In this exercise, we will attempt to predict whether a sentence comes from _Alice in Wonderland_ by Lewis Carroll or _Persuasion_ by Jane Austen.  We'll perform NLP to create the input features for the model before using some run of the mill classifiers for the prediction.

The main feature generation method that we'll use is **Bag of Words**.  Its simply counting how many times each word appears in every sentence.

In [1]:
%matplotlib inline
import numpy as np
import pandas as pd
import spacy
import matplotlib.pyplot as plt
import seaborn as sns
import re
from nltk.corpus import gutenberg, stopwords
from collections import Counter
import nltk
from sklearn.feature_extraction.text import CountVectorizer

%matplotlib inline

In [2]:
# Utility function for standard text cleaning.
def text_cleaner(text):
    # Visual inspection identifies a form of punctuation spaCy does not
    # recognize: the double dash '--'.  Better get rid of it now!
    text = re.sub(r'--',' ',text)
    text = re.sub("[\[].*?[\]]", "", text)
    text = ' '.join(text.split())
    return text
    
# Load and clean the data.
persuasion = gutenberg.raw('austen-persuasion.txt')
alice = gutenberg.raw('carroll-alice.txt')

# The Chapter indicator is idiosyncratic
persuasion = re.sub(r'Chapter \d+', '', persuasion)
alice = re.sub(r'CHAPTER .*', '', alice)
    
alice = text_cleaner(alice[:int(len(alice)/10)])
persuasion = text_cleaner(persuasion[:int(len(persuasion)/10)])

In [3]:
# Parse the cleaned novels. This can take a bit.
nlp = spacy.load('en')
alice_doc = nlp(alice)
persuasion_doc = nlp(persuasion)

In [4]:
# Group into sentences.
alice_sents = [[sent, "Carroll"] for sent in alice_doc.sents]
persuasion_sents = [[sent, "Austen"] for sent in persuasion_doc.sents]

# Combine the sentences from the two novels into one data frame.
sentences = pd.DataFrame(alice_sents + persuasion_sents)
sentences.head()

Unnamed: 0,0,1
0,"(Alice, was, beginning, to, get, very, tired, ...",Carroll
1,"(So, she, was, considering, in, her, own, mind...",Carroll
2,"(There, was, nothing, so, VERY, remarkable, in...",Carroll
3,"(Oh, dear, !)",Carroll
4,"(Oh, dear, !)",Carroll


We have the texts cleaned, processed by spaCy, on combined into a nice DataFrame.  Now we can bag the words.  We'll use some functions to perform the bagging, but `SKlearn` has the `CountVectorizer` method that can do this too.
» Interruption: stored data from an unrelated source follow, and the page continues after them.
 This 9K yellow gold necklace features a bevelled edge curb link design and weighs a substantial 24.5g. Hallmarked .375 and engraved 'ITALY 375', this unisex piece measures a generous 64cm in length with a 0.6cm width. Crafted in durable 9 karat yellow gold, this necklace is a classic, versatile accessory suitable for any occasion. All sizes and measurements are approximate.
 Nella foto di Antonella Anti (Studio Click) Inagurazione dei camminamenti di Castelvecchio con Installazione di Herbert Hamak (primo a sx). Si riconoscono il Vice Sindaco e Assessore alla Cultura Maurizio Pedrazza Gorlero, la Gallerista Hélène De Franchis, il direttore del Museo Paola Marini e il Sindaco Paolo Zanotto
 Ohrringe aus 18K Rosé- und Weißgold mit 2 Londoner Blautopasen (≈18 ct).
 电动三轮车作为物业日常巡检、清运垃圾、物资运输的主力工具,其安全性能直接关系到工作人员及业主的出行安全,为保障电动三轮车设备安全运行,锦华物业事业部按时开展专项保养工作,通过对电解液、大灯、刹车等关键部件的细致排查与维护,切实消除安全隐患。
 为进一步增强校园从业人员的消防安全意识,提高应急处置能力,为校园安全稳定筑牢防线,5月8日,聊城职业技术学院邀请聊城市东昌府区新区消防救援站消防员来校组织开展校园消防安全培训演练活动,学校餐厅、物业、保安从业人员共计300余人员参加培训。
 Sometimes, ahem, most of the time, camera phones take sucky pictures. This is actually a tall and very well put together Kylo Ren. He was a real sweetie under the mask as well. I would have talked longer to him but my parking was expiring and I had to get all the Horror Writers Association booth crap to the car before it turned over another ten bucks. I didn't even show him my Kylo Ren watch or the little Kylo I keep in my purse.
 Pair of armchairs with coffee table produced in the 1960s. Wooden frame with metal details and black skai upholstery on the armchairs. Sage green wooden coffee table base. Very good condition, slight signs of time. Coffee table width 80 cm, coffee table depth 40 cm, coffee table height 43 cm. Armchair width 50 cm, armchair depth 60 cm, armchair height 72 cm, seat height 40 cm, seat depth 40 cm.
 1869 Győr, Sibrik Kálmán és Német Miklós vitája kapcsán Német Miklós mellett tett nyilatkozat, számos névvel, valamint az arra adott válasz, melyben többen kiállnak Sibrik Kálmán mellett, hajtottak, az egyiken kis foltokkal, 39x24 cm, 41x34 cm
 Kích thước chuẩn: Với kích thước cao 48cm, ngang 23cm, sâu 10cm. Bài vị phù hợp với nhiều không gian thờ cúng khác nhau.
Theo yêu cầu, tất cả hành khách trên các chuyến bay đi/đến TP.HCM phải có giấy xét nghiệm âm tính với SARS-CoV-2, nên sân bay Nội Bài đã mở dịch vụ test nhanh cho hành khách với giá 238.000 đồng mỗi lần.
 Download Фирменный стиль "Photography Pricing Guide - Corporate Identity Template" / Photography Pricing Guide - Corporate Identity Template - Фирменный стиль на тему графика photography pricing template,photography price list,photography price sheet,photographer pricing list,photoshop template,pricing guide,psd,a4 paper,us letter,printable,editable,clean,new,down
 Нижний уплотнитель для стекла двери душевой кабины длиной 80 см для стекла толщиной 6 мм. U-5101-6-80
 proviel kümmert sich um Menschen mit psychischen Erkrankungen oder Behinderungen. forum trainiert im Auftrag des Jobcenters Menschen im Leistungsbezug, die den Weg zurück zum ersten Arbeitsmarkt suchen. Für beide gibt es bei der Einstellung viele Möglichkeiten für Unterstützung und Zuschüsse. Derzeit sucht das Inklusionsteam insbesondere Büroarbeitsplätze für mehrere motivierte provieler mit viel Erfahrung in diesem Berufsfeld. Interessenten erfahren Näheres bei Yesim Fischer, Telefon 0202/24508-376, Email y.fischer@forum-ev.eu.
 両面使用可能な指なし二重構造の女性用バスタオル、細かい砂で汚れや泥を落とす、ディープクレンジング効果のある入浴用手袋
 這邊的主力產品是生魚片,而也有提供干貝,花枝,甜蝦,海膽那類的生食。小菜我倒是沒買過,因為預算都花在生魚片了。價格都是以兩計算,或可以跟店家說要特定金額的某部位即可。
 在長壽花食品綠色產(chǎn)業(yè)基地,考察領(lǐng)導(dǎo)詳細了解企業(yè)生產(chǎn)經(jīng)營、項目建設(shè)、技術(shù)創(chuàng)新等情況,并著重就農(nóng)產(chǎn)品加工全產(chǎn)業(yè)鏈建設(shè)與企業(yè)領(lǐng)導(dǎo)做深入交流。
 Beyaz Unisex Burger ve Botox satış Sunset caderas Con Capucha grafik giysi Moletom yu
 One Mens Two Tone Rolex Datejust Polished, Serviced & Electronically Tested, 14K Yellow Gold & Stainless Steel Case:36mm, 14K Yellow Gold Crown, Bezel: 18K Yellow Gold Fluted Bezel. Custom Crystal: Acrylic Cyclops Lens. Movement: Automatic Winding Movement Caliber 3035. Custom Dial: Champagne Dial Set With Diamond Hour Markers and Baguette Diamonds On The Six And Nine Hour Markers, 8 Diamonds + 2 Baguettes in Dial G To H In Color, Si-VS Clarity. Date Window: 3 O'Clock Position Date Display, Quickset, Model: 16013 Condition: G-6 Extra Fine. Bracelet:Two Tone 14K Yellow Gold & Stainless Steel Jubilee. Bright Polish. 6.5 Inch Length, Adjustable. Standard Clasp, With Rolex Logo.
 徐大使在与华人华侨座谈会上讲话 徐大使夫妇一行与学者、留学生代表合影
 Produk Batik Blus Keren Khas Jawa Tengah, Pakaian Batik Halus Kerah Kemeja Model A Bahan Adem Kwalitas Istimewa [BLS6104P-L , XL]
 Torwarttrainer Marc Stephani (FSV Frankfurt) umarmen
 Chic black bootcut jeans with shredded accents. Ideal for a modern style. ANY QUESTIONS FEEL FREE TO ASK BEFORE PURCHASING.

Our focus will be on the 2000 most common lemmas.

In [5]:
# Utility function to create a list of the 2000 most common words.
def bag_of_words(text):
    
    # Filter out punctuation and stop words.
    allwords = [token.lemma_
                for token in text
                if not token.is_punct
                and not token.is_stop]
    
    # Return the most common words.
    return [item[0] for item in Counter(allwords).most_common(2000)]
    

# Creates a data frame with features for each word in our common word set.
# Each value is the count of the times the word appears in each sentence.
def bow_features(sentences, common_words):
    
    # Scaffold the data frame and initialize counts to zero.
    df = pd.DataFrame(columns=common_words)
    df['text_sentence'] = sentences[0]
    df['text_source'] = sentences[1]
    df.loc[:, common_words] = 0
    
    # Process each row, counting the occurrence of words in each sentence.
    for i, sentence in enumerate(df['text_sentence']):
        
        # Convert the sentence to lemmas, then filter out punctuation,
        # stop words, and uncommon words.
        words = [token.lemma_
                 for token in sentence
                 if (
                     not token.is_punct
                     and not token.is_stop
                     and token.lemma_ in common_words
                 )]
        
        # Populate the row with word counts.
        for word in words:
            df.loc[i, word] += 1
        
        # This counter is just to make sure the kernel didn't hang.
        if i % 50 == 0:
            print("Processing row {}".format(i))
            
    return df

# Set up the bags.
alicewords = bag_of_words(alice_doc)
persuasionwords = bag_of_words(persuasion_doc)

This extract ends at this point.